Almost all these pictures were made for scientific or educational purposes, and their power originally lay not in their aesthetics but in the startling news they conveyed. But what’s striking in 2008 is their amazing beauty.
An 1839 photomicrograph of a diatom looks like an ancient tribal relic crossed with some 1970s craft-into-art masterpiece. An 1888 print of “electric effluvia” evokes mythic sea creatures and Sixties psychedelia. An 1896 x-ray of a lizard has the totemic gravity of a cave painting and the elegance of an Andy Warhol drawing of a shoe.

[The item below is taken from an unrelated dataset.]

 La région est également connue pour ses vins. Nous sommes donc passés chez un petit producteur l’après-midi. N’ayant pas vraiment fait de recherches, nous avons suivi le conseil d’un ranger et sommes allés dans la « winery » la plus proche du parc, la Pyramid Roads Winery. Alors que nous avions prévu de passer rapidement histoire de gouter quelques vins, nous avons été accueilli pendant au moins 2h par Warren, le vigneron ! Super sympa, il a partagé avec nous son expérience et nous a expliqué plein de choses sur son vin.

The gorgeous catalogue doesn’t have much to say about the esthetics of these pictures or how scientific photos helped inspire the artists of the early 20th century and beyond. But their variety and intricacy of form, their lush chiaroscuro and evocative sepias, and their astute selection by curator Corey Keller make for a viscerally exciting show.

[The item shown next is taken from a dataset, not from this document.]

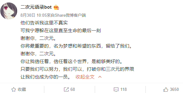 这些自爆勇士,曾表现出对二次元的崇高信仰,与同好之间的日常交流,也充斥着二次元的气息。

And perhaps it’s fitting that we’re left to come up with our own way of seeing them—arguably the most satisfying form of audience participation there is. Free from any overlay of artistic intent, these images give us the space to become discoverers of visual thrills undreamt of by their makers. Here, in some sense, the art-making is not the work of the photographer; rather, the artist is our universe itself, and the inadvertent beauty we respond to is written into the raw material of our being.